======== Excerpted data

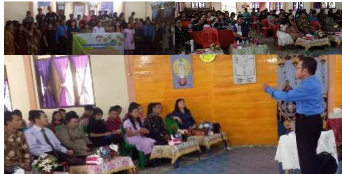
Gambar 1. Lokasi Pelaksanaan BK Klasikal Desa Dahadano Botombawo Kecamatan Hiliserangkai Kabupaten Nias Sumatera Utara

Layanan bimbingan konseling klasikal pengabdian kepada masyarakat (PKM) telah terlaksana dengan baik. Lokasinya adalah Desa Dahadano Botombawo Kecamatan Hiliserangkai Kabupaten Nias Provinsi Sumatera Utara. Sasaran layanan adalah persekutuan pemuda dan remaja GPT, jumlah semua peserta layan adalah 75 orang. Lokasi ini terletak di Kabupaten Nias.
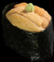
生うに軍艦 (一貫) 時価
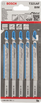
T 321 AF
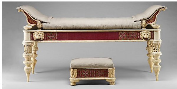
Lectus et tabouret incrusté de verre et d'os gravés, I er et II ème siècle ap.J.C., bois, os, verre, pièces de mobilier reconstituées à partir de fragments, certains provenant de la villa impériale de Lucius Verus, Rome, Metropolitan Museum of Art, New York, USA.
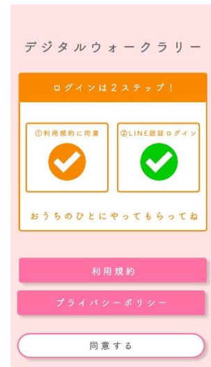
LINE ログイン (画像はイメージです)
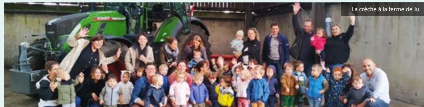
La crèche à la ferme de Ju

Bonne route aux enfants qui quittent la structure pour prendre le chemin de l'école ainsi qu'à leur famille ! Bel été et bonnes vacances à tous les enfants et familles des Diabolins.
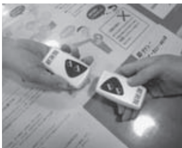
▲大きさはこれくらいです
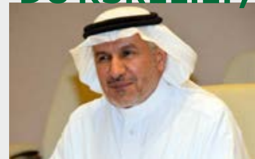
DR. ABDULLAH AL RABEEAH

«Le pont aérien de secours est mis en place sous la directive du Serviteur des deux Saintes Mosquées, le Roi Salmane bin Abdulaziz Al Saud, qui a chargé le KSrelief de fournir une aide médicale et humanitaire urgente pour soulager les souffrances du peuple libanais. La directive met en évidence le ferme engagement du Royaume d'Arabie Saoudite à la fourniture de l'aide humanitaire à toutes les personnes dans le besoin dans le monde en toute impartialité dans tous les secteurs humanitaires.»
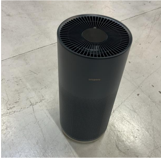
Figur 2. Smartmi Air Purifier 2, Modell: KQJHQ02ZM, Serienummer: 50101900006731
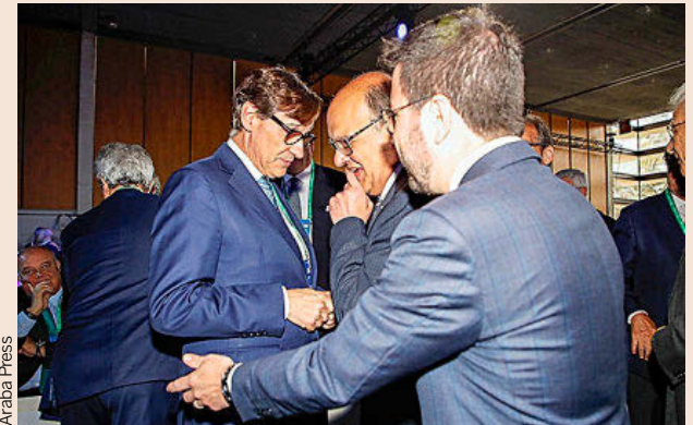
Salvador Illa (PSC), Xavier Panés (Cecot) y Pere Aragonès (ERC), ayer.

En la inauguración de la jornada, también intervino el presidente en funciones, Pere Aragonès, quien sacó pecho de gestión por haber logrado "sanear las cuentas públicas". Así, en 2021, cuando llegó al cargo, el peso de la deuda sobre el PIB era del 37%. Una vez se materialice el acuerdo de investidura entre ERC y el PSOE, que incluía la asunción de una parte del pasivo que está en manos del Estado, el
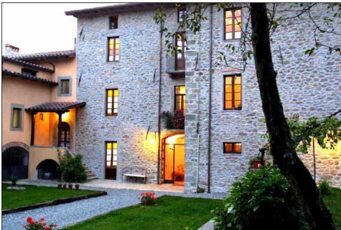
L'edificio che ospitava la vecchia Osteria del Piano.
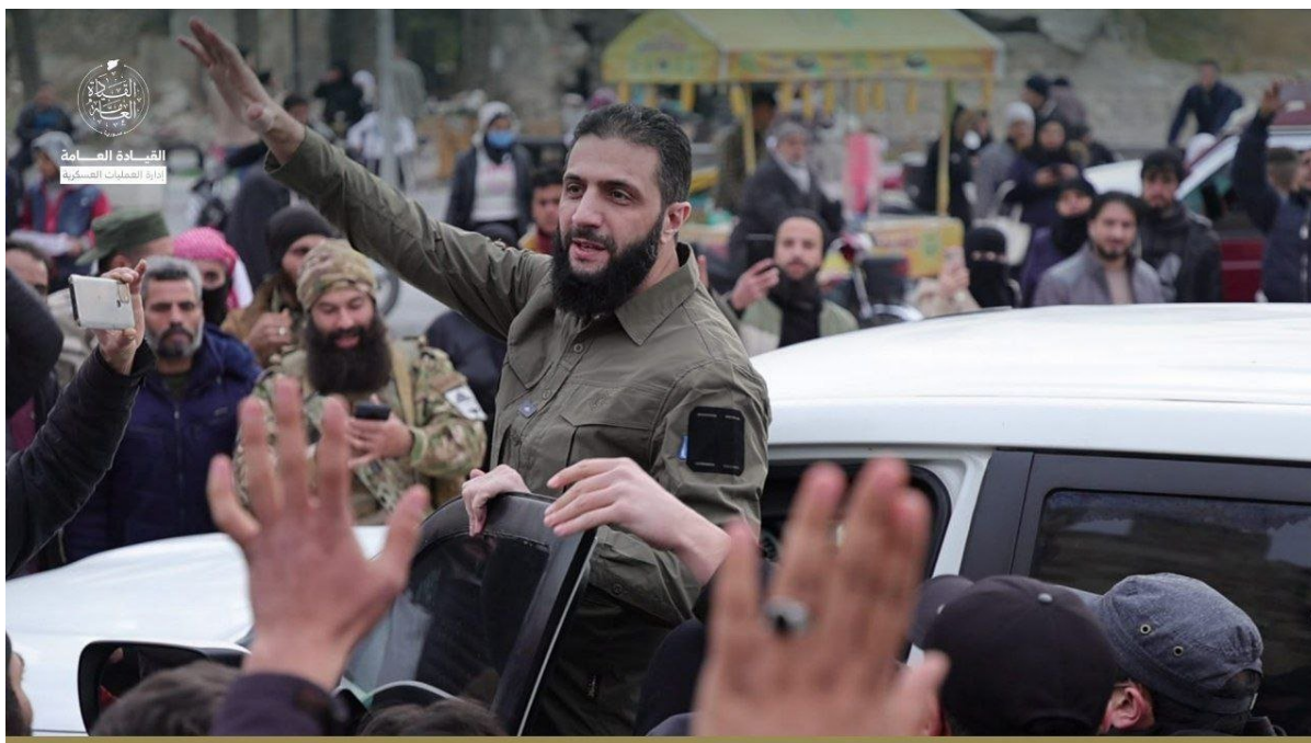
Главарь террористов аль-Джуляни в Алеппо

Симптоматично, что одновременно с боевиками Идлиба активизировались поддерживаемые американцами курды из «Сирийских демократических сил», попытавшиеся захватить позиции сирийской армии на восточном берегу Евфрата. Используя промахи властей в Дамаске, возмнивших себя едва ли не главными победителями в ходе гражданской войны последних лет, и в частности – страсть к личному обогащению и неуступчивость в «курдском вопросе», Турция, Израиль и США будут и далее наращивать усилия по фрагментации арабской страны, меняющиеся зоны контроля на территории которой уже отчасти напоминают границы административных единиц бывшей Османской империи.

================

What is being asked:
Every line of the listing is to be retyped exactly; pictures stay out.

Expected answer:
Gambar 1. Lokasi Pelaksanaan BK Klasikal Desa Dahadano Botombawo Kecamatan Hiliserangkai Kabupaten Nias Sumatera Utara

Layanan bimbingan konseling klasikal pengabdian kepada masyarakat (PKM) telah terlaksana dengan baik. Lokasinya adalah Desa Dahadano Botombawo Kecamatan Hiliserangkai Kabupaten Nias Provinsi Sumatera Utara. Sasaran layanan adalah persekutuan pemuda dan remaja GPT, jumlah semua peserta layan adalah 75 orang. Lokasi ini terletak di Kabupaten Nias.
生うに軍艦 (一貫) 時価
T 321 AF
Lectus et tabouret incrusté de verre et d'os gravés, I er et II ème siècle ap.J.C., bois, os, verre, pièces de mobilier reconstituées à partir de fragments, certains provenant de la villa impériale de Lucius Verus, Rome, Metropolitan Museum of Art, New York, USA.
LINE ログイン (画像はイメージです)
La crèche à la ferme de Ju

Bonne route aux enfants qui quittent la structure pour prendre le chemin de l'école ainsi qu'à leur famille ! Bel été et bonnes vacances à tous les enfants et familles des Diabolins.
▲大きさはこれくらいです
DR. ABDULLAH AL RABEEAH

«Le pont aérien de secours est mis en place sous la directive du Serviteur des deux Saintes Mosquées, le Roi Salmane bin Abdulaziz Al Saud, qui a chargé le KSrelief de fournir une aide médicale et humanitaire urgente pour soulager les souffrances du peuple libanais. La directive met en évidence le ferme engagement du Royaume d'Arabie Saoudite à la fourniture de l'aide humanitaire à toutes les personnes dans le besoin dans le monde en toute impartialité dans tous les secteurs humanitaires.»
Figur 2. Smartmi Air Purifier 2, Modell: KQJHQ02ZM, Serienummer: 50101900006731
Salvador Illa (PSC), Xavier Panés (Cecot) y Pere Aragonès (ERC), ayer.

En la inauguración de la jornada, también intervino el presidente en funciones, Pere Aragonès, quien sacó pecho de gestión por haber logrado "sanear las cuentas públicas". Así, en 2021, cuando llegó al cargo, el peso de la deuda sobre el PIB era del 37%. Una vez se materialice el acuerdo de investidura entre ERC y el PSOE, que incluía la asunción de una parte del pasivo que está en manos del Estado, el
L'edificio che ospitava la vecchia Osteria del Piano.
Главарь террористов аль-Джуляни в Алеппо

Симптоматично, что одновременно с боевиками Идлиба активизировались поддерживаемые американцами курды из «Сирийских демократических сил», попытавшиеся захватить позиции сирийской армии на восточном берегу Евфрата. Используя промахи властей в Дамаске, возмнивших себя едва ли не главными победителями в ходе гражданской войны последних лет, и в частности – страсть к личному обогащению и неуступчивость в «курдском вопросе», Турция, Израиль и США будут и далее наращивать усилия по фрагментации арабской страны, меняющиеся зоны контроля на территории которой уже отчасти напоминают границы административных единиц бывшей Османской империи.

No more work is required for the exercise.